* Exercise prompt
Leave the pictures out while you restate every entry below word for word.

(Stored dataset items)

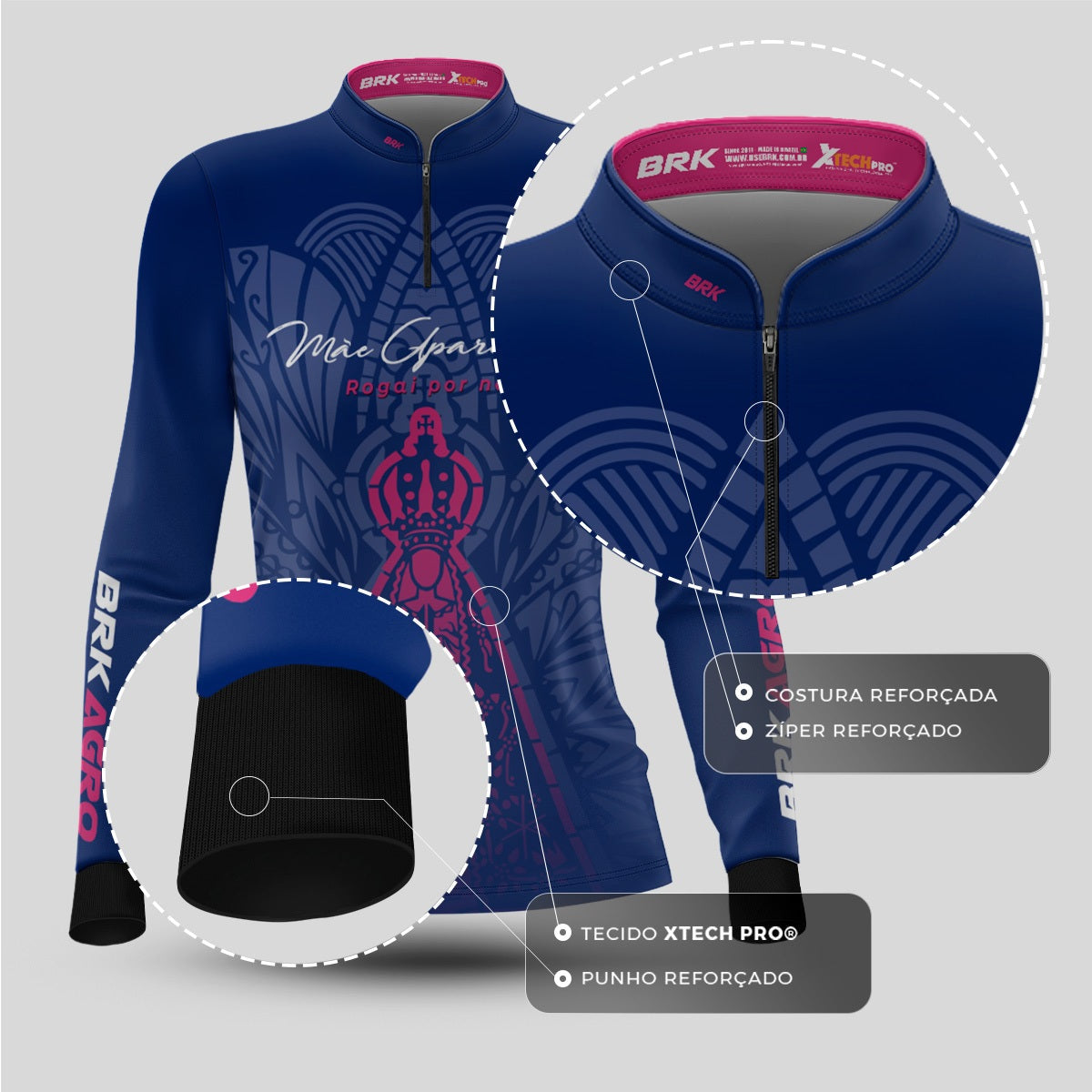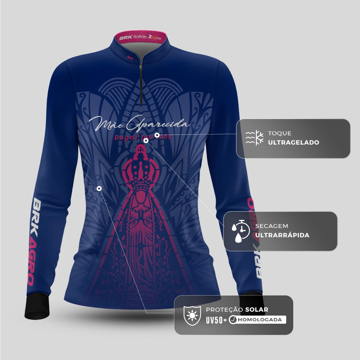 Camisa Feminina Agro Brk Nossa Senhora Mãe Aparecida com Proteção Solar UV50+
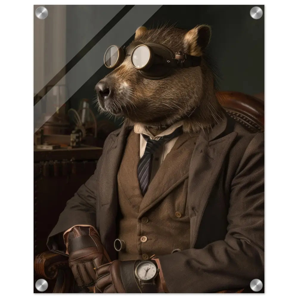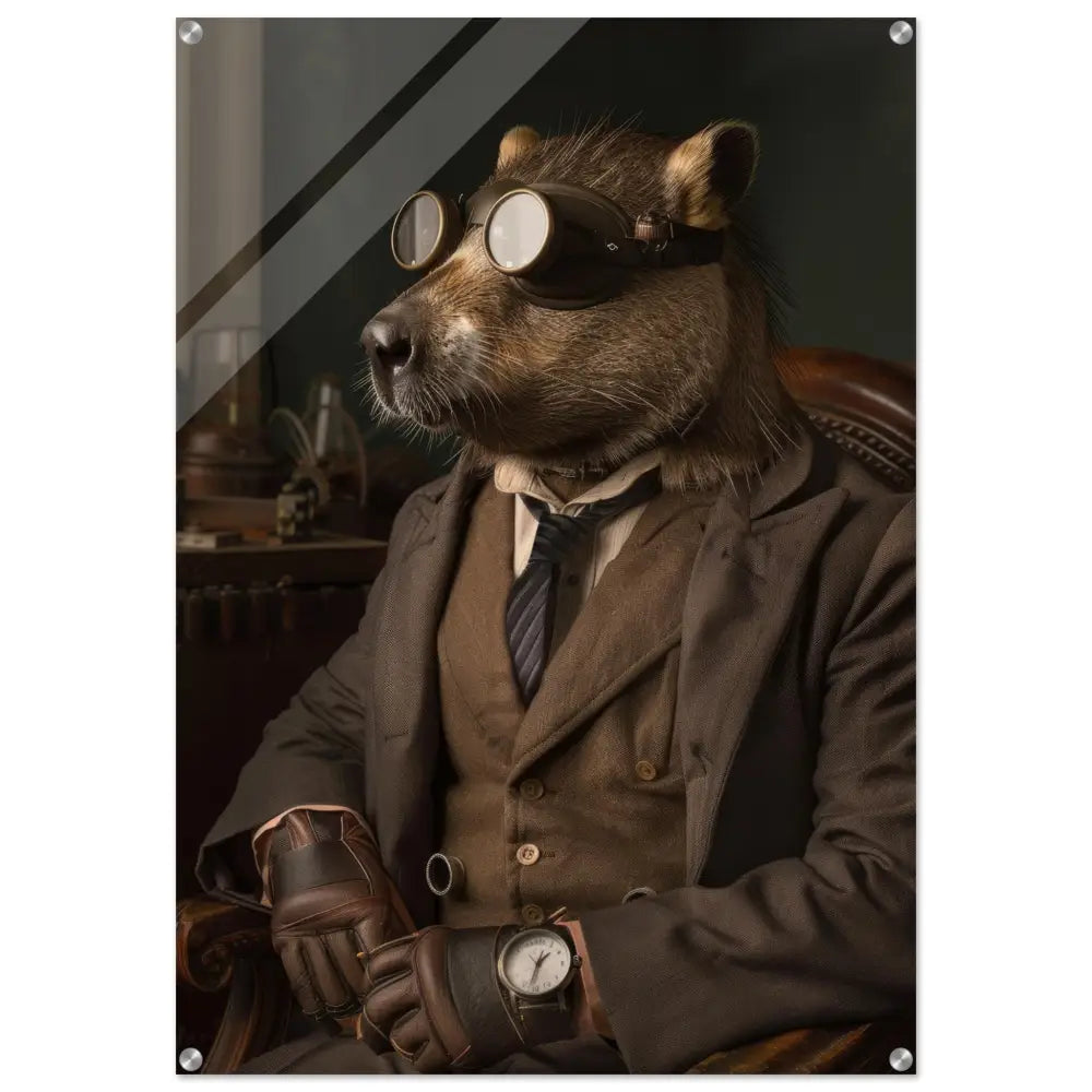 Deze afbeelding toont een dier, gekleed in een prachtige vintage steampunk outfit. Het draagt een elegante, bruin-grijze jas met subtiele patronen en goudkleurige knopen. Om de nek hangt een antieke, zwarte klok die de tijdloze charme van het portret benadrukt. Op het hoofd van het dier rust een paar stevige, zwartmetalen brillen met koperkleurige accenten, wat de steampunk uitstraling versterkt. De pootjes zijn gehuld in stevige leren handschoenen met contrasterende stiksels. De achtergrond toont een klassiek inrichting met donkere houten meubelen en een aantal antieke apparaten, wat de historische sfeer van de afbeelding compleet maakt.
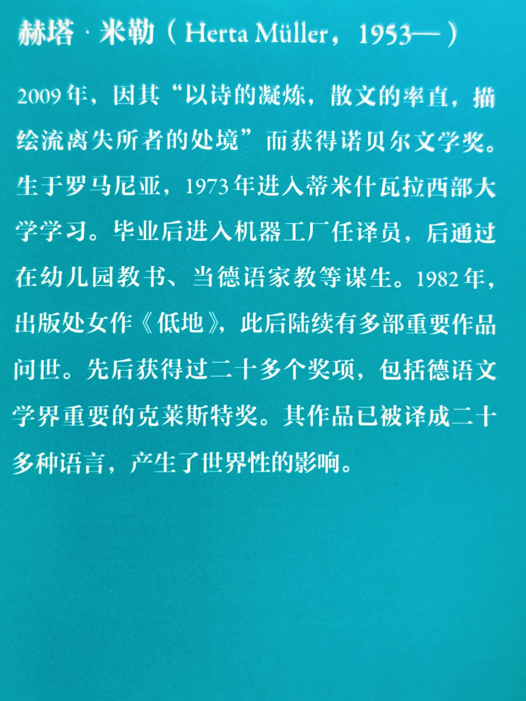 谁能想到,写下这句话的2009年诺贝尔文学奖得主赫塔·米勒,曾在罗马尼亚的闭塞村庄里,被贫穷、压抑和政zhi高压裹挟,连呼吸都带着窒息感。
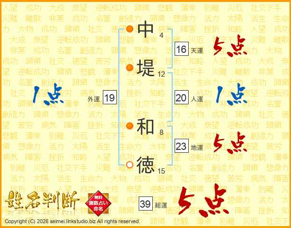 中堤和徳さんの総運は39画の5点!
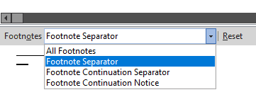 - En el menú desplegable Notas(Footnotes) al pie debajo de su documento principal, seleccione Separador de notas(Footnote Separator) al pie .
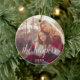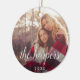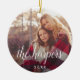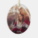Das schlichte und elegante Urlaubssornament verfügt über ein Foto auf jeder Seite mit Ihrem Familiennamen oder einer eigenen Beschriftung, überlagert in weißen Schriftzeichen. Personalisiert mit dem Jahr unten.
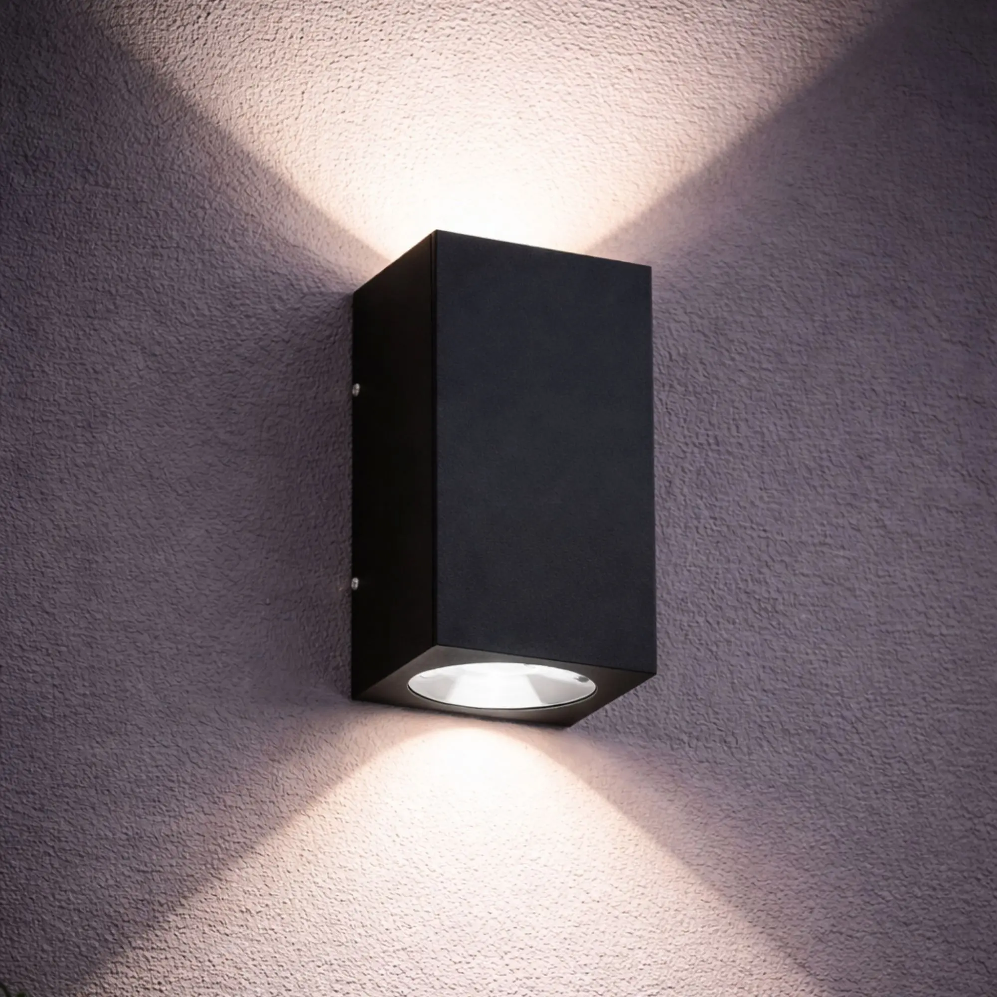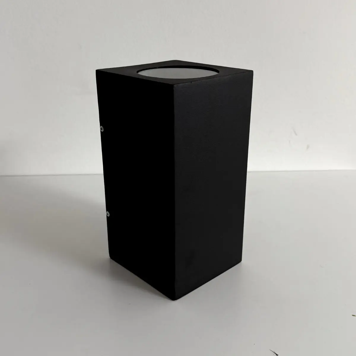 Alto: 240 mm; Ancho: 120 mm; Profundidad: 130 mm; Zócalo: GZ10 x 2; Apto lámpara: AR111 LED; Color: Negro / Blanco / Gris; Material: chapa al carbono 1 mm y vidrio transparente 4 mm; Acabado: microtexturado; Colocación: Pared Exterior – Interior.
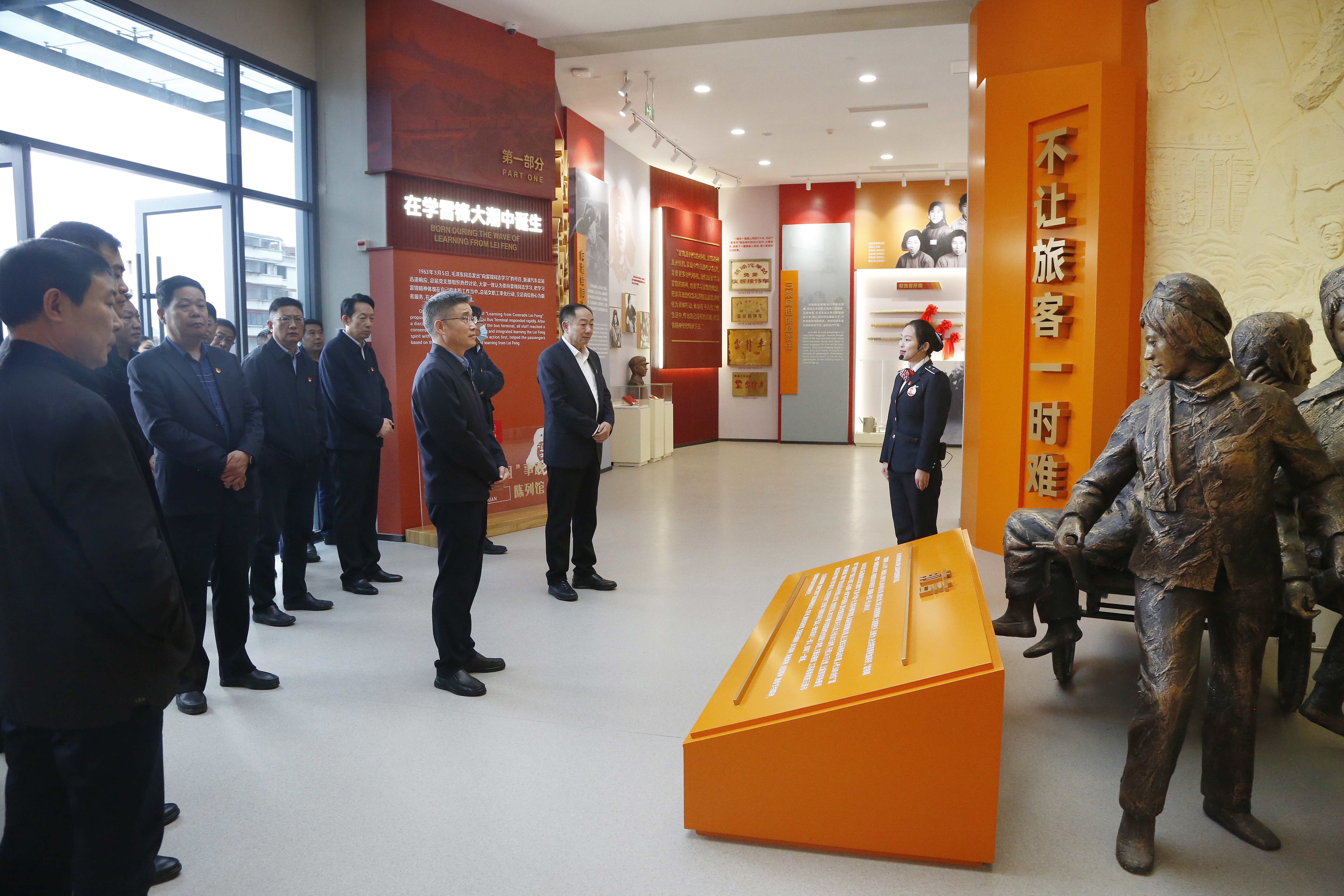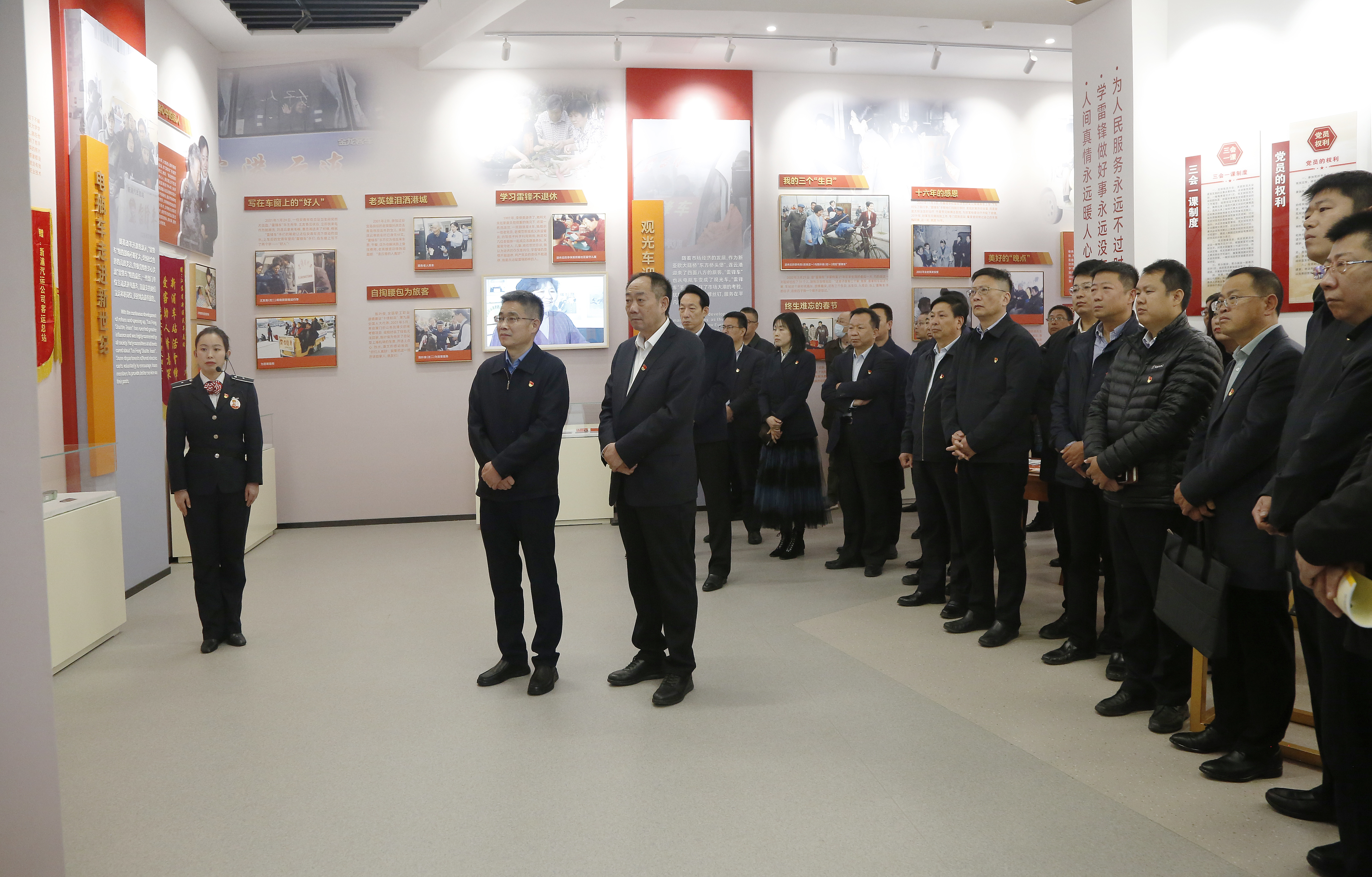 在“雷锋车”事迹陈列馆,通过讲解员生动地解说,党员干部全面了解了“雷锋车”组60年如一日,坚持不懈学雷锋,全心全意为人民服务的先进事迹,深刻领悟“雷锋车”组坚守初心、接续奋斗的担当精神;助人为乐、为民服务的奉献精神;团结协作、恪尽职守的敬业精神;奋发向上、勇争一流的进取精神。

* Exercise output
 Camisa Feminina Agro Brk Nossa Senhora Mãe Aparecida com Proteção Solar UV50+
 Deze afbeelding toont een dier, gekleed in een prachtige vintage steampunk outfit. Het draagt een elegante, bruin-grijze jas met subtiele patronen en goudkleurige knopen. Om de nek hangt een antieke, zwarte klok die de tijdloze charme van het portret benadrukt. Op het hoofd van het dier rust een paar stevige, zwartmetalen brillen met koperkleurige accenten, wat de steampunk uitstraling versterkt. De pootjes zijn gehuld in stevige leren handschoenen met contrasterende stiksels. De achtergrond toont een klassiek inrichting met donkere houten meubelen en een aantal antieke apparaten, wat de historische sfeer van de afbeelding compleet maakt.
 谁能想到,写下这句话的2009年诺贝尔文学奖得主赫塔·米勒,曾在罗马尼亚的闭塞村庄里,被贫穷、压抑和政zhi高压裹挟,连呼吸都带着窒息感。
 中堤和徳さんの総運は39画の5点!
 - En el menú desplegable Notas(Footnotes) al pie debajo de su documento principal, seleccione Separador de notas(Footnote Separator) al pie .
Das schlichte und elegante Urlaubssornament verfügt über ein Foto auf jeder Seite mit Ihrem Familiennamen oder einer eigenen Beschriftung, überlagert in weißen Schriftzeichen. Personalisiert mit dem Jahr unten.
 Alto: 240 mm; Ancho: 120 mm; Profundidad: 130 mm; Zócalo: GZ10 x 2; Apto lámpara: AR111 LED; Color: Negro / Blanco / Gris; Material: chapa al carbono 1 mm y vidrio transparente 4 mm; Acabado: microtexturado; Colocación: Pared Exterior – Interior.
 在“雷锋车”事迹陈列馆,通过讲解员生动地解说,党员干部全面了解了“雷锋车”组60年如一日,坚持不懈学雷锋,全心全意为人民服务的先进事迹,深刻领悟“雷锋车”组坚守初心、接续奋斗的担当精神;助人为乐、为民服务的奉献精神;团结协作、恪尽职守的敬业精神;奋发向上、勇争一流的进取精神。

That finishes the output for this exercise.